Tuesday, November 28, 2017

London Bans Fried Chicken


Many councils in the UK have introduced 400 meter fast food exclusion zones around schools. These zones don't apply to existing fast food outlets but do apply to anyone planning to open a fast food restaurant in the future. The purpose of these exclusion zones are to help fight the rise of child obesity.

Later this week the London mayor Sadiq Khan plans to announce a fast food exclusion zone around London schools. You can see the areas that will be affected on Dan Cookson's interactive map London Schools 400m Exclusion Zones. Dan's map places a 400m circle around every school in London to visualize all the places where new fast food outlets will be banned under the new policy.

You can see from the map that huge areas of London will be exempt from new fast food restaurants. For example nearly the whole of the East End will be a fast food exclusion zone. Perhaps the London mayor is unaware of how big an impact this policy could have. London's high density of people (and therefore more schools) means that a 400m fast food exclusion zone affects a huge percentage of inner London.
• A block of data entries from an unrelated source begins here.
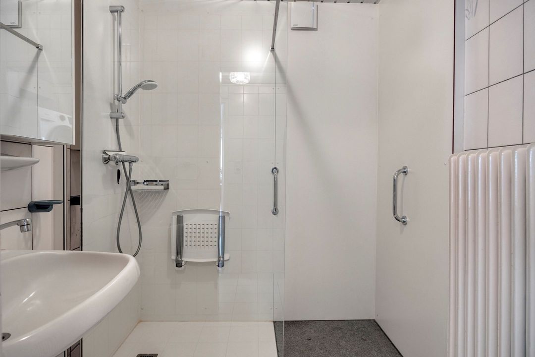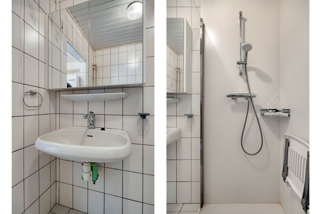 De nette toiletruimte is volledig betegeld en uitgerust met een modern hangcloset. De eveneens goed onderhouden badkamer heeft een oppervlakte van circa 3,5 m² en is voorzien van een inloopdouche en een wastafel, wat zorgt voor extra comfort en gebruiksgemak op de begane grond.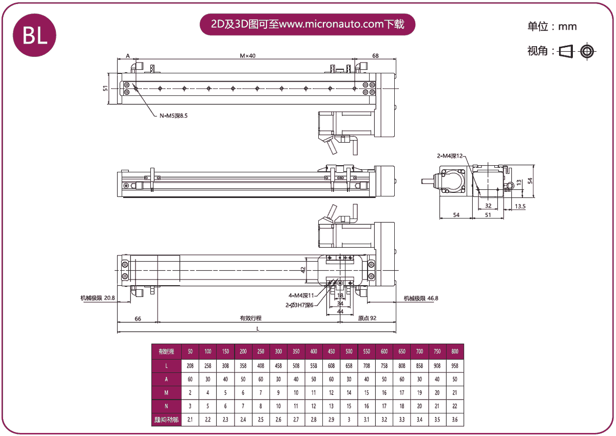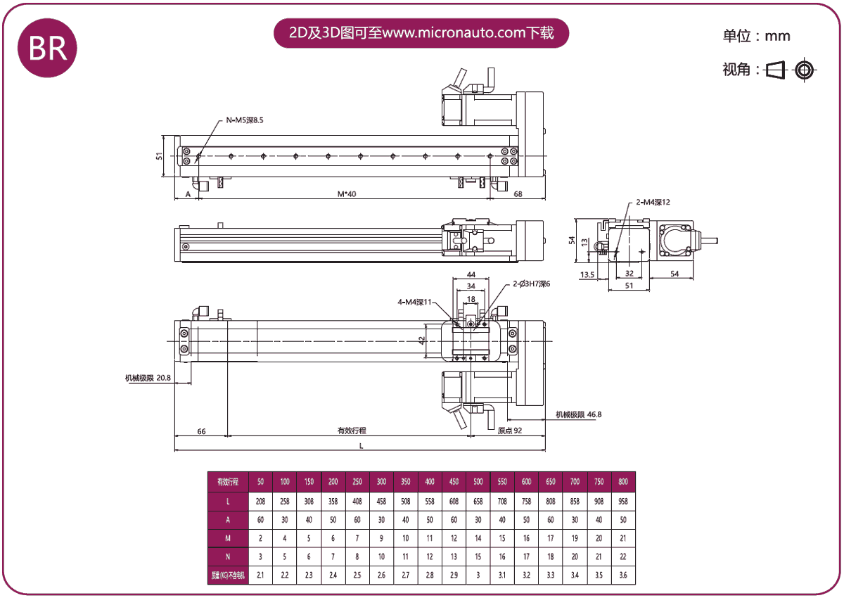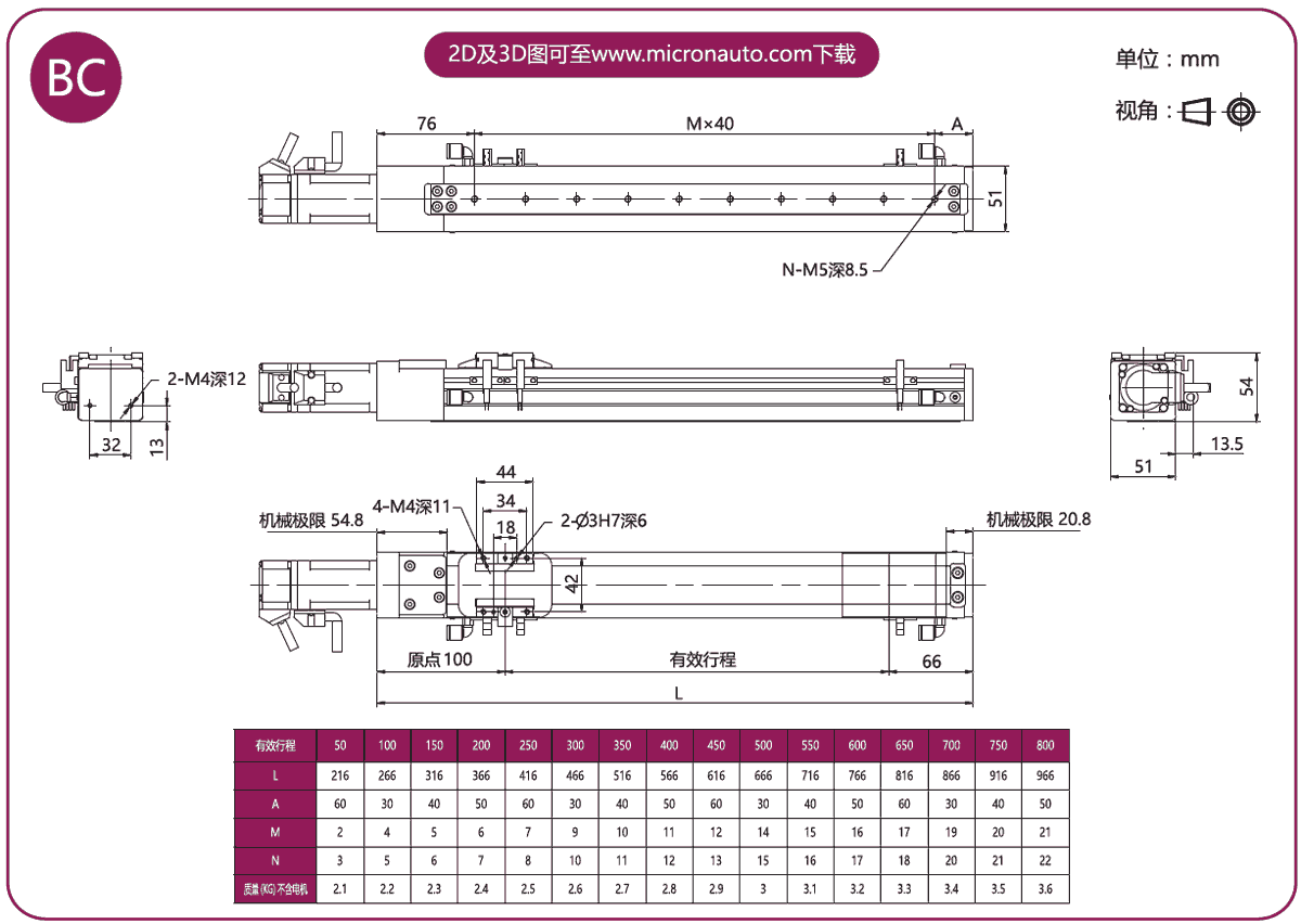 標(biāo)準(zhǔn)有效行程: 100~800mm(間隔50mm)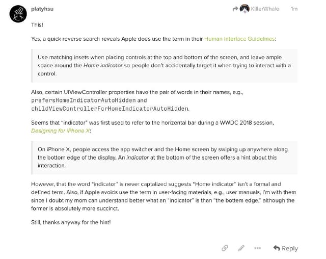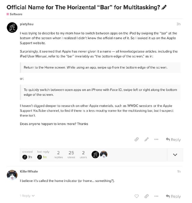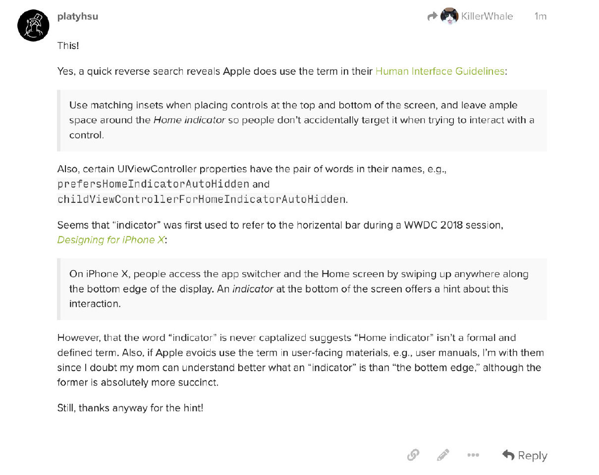 突然发现自己不知道 iPhone 底下那个切换 app 的横条官方名字叫什么,跑去翻了支持网站发现苹果自己也是管它叫「屏幕底部边缘」,心想这算个啥名字就去 MPU 论坛上(强烈推荐这个播客附属社区)发帖问了下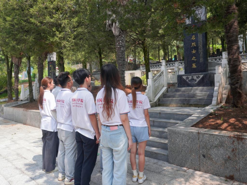 实践队怀着崇敬之心来到商南县烈士陵园。队员们在“商南英烈千古流芳”纪念墙前驻足瞻仰,在无名烈士纪念碑前默哀致敬,在英烈纪念厅中重温历史,深切感受革命先辈英勇不屈的伟大精神。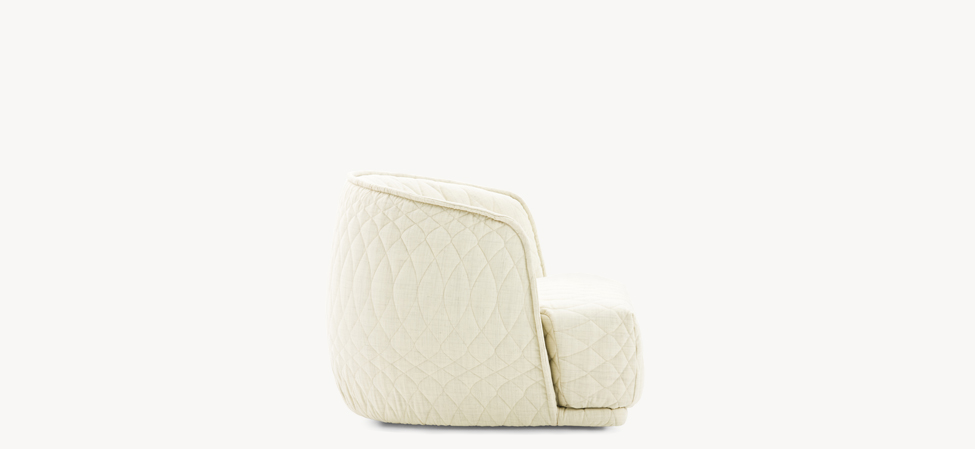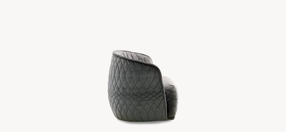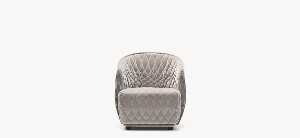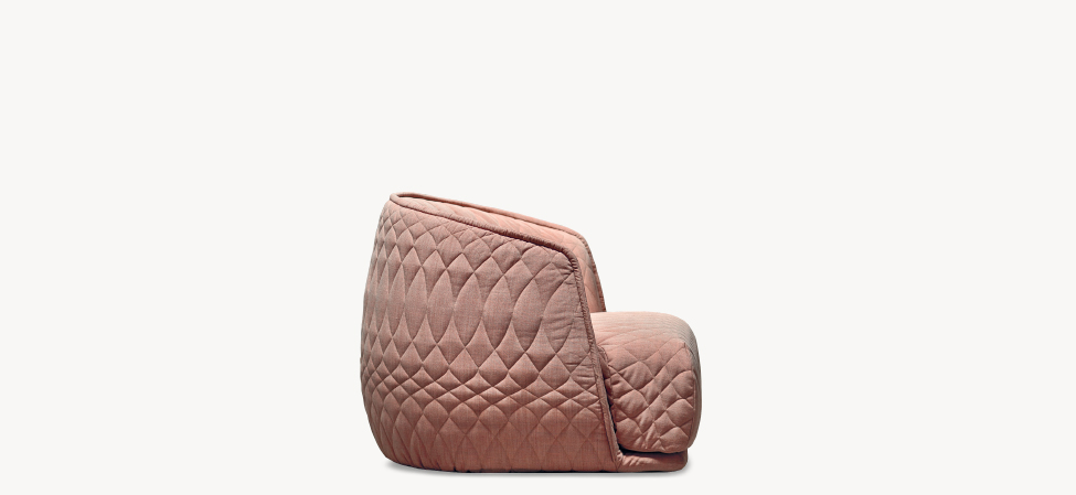 Una collezione caratterizzata dall’accostamento di due volumi, una scocca imbottita che avvolge in continuità i grandi cuscini di seduta. Forme curve esaltate dall’assenza totale di spigoli e dalla morbidezza del tessuto, stimolo sensoriale impreziosito da un decoro trapuntato dove il filo, come una matita, segna un’elegante geometria tridimensionale. Redondo, nel disegno, si ispira agli interni imbottiti delle auto americane degli anni ’50 e ’60, alle forme morbide della carrozzeria, al comfort on-the-road che accompagnava nei lunghi viaggi tra le East e la West Coast. Il punto di vista è, per chi guarda, quello di un palcoscenico dove accadono piccole storie quotidiane.

The bricks & mortar retail sector is already suffering in many areas of London. At the moment fast food is about the only expanding sector of the retail sector, especially in economically deprived areas
like London's East End.


In Fast Food England the Guardian mapped the number of fast food restaurants per 1,000 people in England. The newspaper found that "the poorest areas of the country have disproportionately higher numbers of fast food outlets." Tower Hamlets, which will almost be completely covered by the new fast food exclusion zone, has seen a growth in fast food outlets since 2014. The new exclusion zones will kill this expanding sector of the retail sector. In the long run the consequence of this policy could be the closure of many bricks & mortar shops in London's most deprived areas.

Of course the mayor will probably argue that fast food outlets lead to obesity in a high proportion of people living in economically deprived areas. Therefore this new policy could have wider long term health benefits for London, not just for London's children, but for the population as a whole.